我注意到Pandas groupby().filter()
对于大型数据集来说速度很慢。比同等merge
慢得多。这是我的例子:
size = 50000000
df = pd.DataFrame( { 'M' : np.random.randint(10,size=size), 'A' : np.random.randn(size), 'B' :np.random.randn(size)})
%%time
gb = df.groupby('M').filter(lambda x : x['A'].count()%2==0)
Wall time: 14 s
%%time
gb_int = df.groupby('M').count()%2==0
gb_int = gb_int[gb_int['A'] == True]
gb = df.merge(gb_int, left_on='M', right_index=True)
Wall time: 8.39 s
任何人都可以帮助我理解为什么groupby filter
这么慢?
答案 0 :(得分:1)
使用%%prun
,您会发现merge
更快依赖inner_join
,pandas.hashtable.Int64Factorizer
,而较慢的filter
使用groupby_indices
和{{{} 1}}(仅显示消耗超过0.02秒的呼叫):
sort
慢 `merge`: 3361 function calls (3285 primitive calls) in 5.420 seconds
Ordered by: internal time
ncalls tottime percall cumtime percall filename:lineno(function)

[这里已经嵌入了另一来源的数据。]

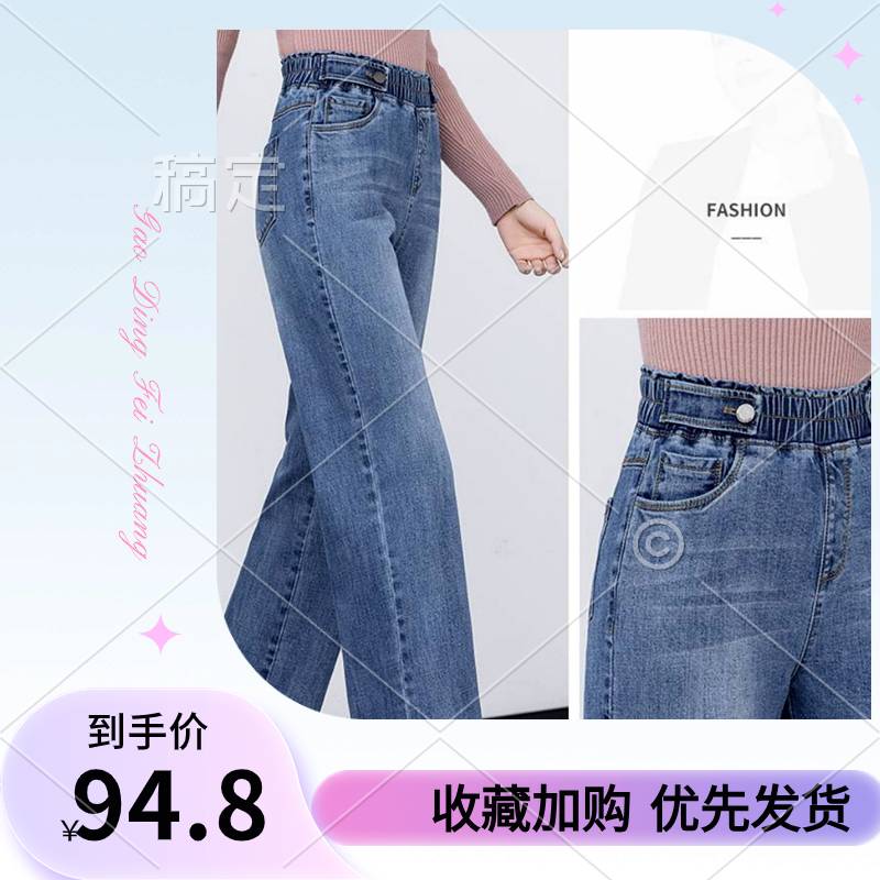 2020春夏新款批发松紧腰高腰牛仔裤女宽松直筒显瘦阔腿长裤

1 1.092 1.092 1.092 1.092 {pandas.algos.inner_join}
4 0.768 0.192 0.768 0.192 {method 'factorize' of 'pandas.hashtable.Int64Factorizer' objects}
1 0.578 0.578 0.578 0.578 {pandas.algos.take_2d_axis1_float64_float64}
4 0.512 0.128 0.512 0.128 {method 'take' of 'numpy.ndarray' objects}
1 0.425 0.425 0.425 0.425 {method 'get_labels' of 'pandas.hashtable.Int64HashTable' objects}
1 0.381 0.381 0.381 0.381 {pandas.algos.take_2d_axis0_float64_float64}
1 0.296 0.296 0.296 0.296 {pandas.algos.take_2d_axis1_int64_int64}
1 0.203 0.203 1.563 1.563 groupby.py:3730(count)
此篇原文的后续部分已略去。